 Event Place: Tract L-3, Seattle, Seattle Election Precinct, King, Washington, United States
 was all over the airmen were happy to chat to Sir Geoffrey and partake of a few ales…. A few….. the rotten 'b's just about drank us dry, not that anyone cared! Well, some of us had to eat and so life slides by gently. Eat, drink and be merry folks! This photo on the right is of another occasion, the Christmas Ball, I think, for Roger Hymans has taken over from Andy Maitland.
····················
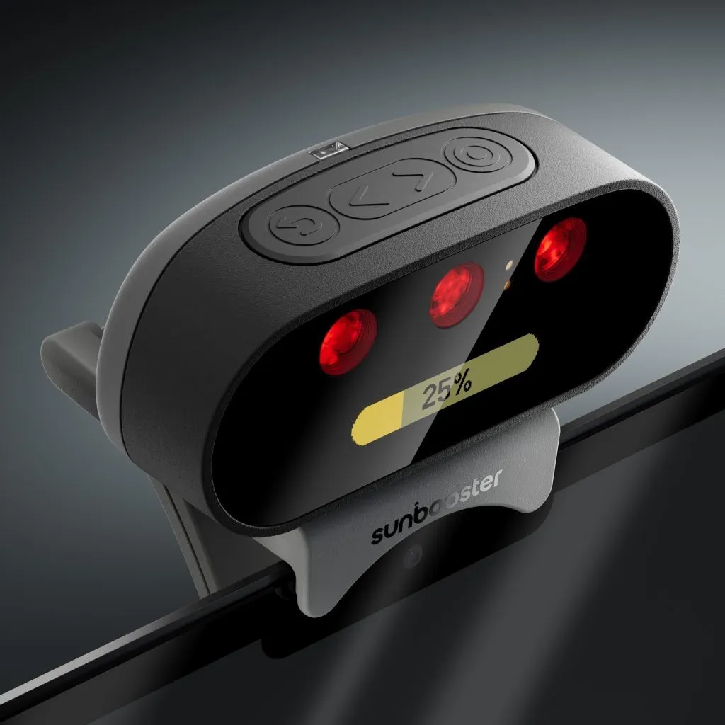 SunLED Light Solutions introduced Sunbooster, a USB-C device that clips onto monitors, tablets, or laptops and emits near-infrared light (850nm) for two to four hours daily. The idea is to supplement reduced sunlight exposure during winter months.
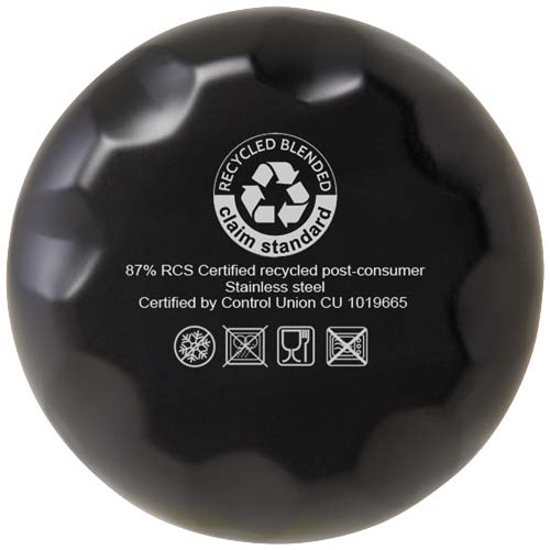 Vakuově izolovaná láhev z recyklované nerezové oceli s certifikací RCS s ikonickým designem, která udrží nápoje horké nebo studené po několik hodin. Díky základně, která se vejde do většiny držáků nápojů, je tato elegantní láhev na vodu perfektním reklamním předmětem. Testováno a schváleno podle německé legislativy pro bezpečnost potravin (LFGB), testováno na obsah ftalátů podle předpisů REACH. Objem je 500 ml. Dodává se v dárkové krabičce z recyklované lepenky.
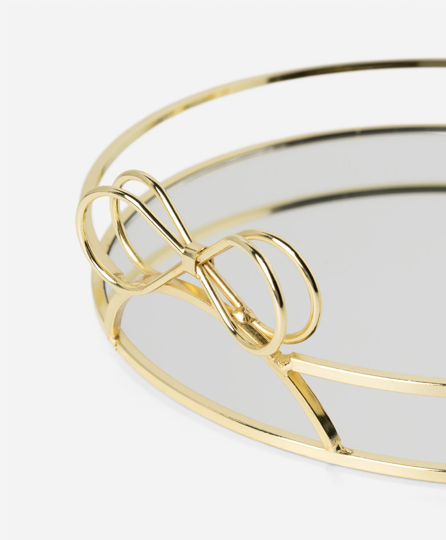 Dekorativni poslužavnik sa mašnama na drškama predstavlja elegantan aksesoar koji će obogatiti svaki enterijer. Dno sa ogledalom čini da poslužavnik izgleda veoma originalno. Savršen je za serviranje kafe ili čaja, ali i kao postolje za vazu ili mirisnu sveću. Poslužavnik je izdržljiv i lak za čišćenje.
····················
▶ **Work instruction**
Reproduce word for word, with pictures dropped, only the part of the material above that opens with the line containing "SunLED Light Solutions" and closes with the line containing "Dekorativni poslužavnik sa".

▶ **Finished exercise**
 SunLED Light Solutions introduced Sunbooster, a USB-C device that clips onto monitors, tablets, or laptops and emits near-infrared light (850nm) for two to four hours daily. The idea is to supplement reduced sunlight exposure during winter months.
 Vakuově izolovaná láhev z recyklované nerezové oceli s certifikací RCS s ikonickým designem, která udrží nápoje horké nebo studené po několik hodin. Díky základně, která se vejde do většiny držáků nápojů, je tato elegantní láhev na vodu perfektním reklamním předmětem. Testováno a schváleno podle německé legislativy pro bezpečnost potravin (LFGB), testováno na obsah ftalátů podle předpisů REACH. Objem je 500 ml. Dodává se v dárkové krabičce z recyklované lepenky.
 Dekorativni poslužavnik sa mašnama na drškama predstavlja elegantan aksesoar koji će obogatiti svaki enterijer. Dno sa ogledalom čini da poslužavnik izgleda veoma originalno. Savršen je za serviranje kafe ili čaja, ali i kao postolje za vazu ili mirisnu sveću. Poslužavnik je izdržljiv i lak za čišćenje.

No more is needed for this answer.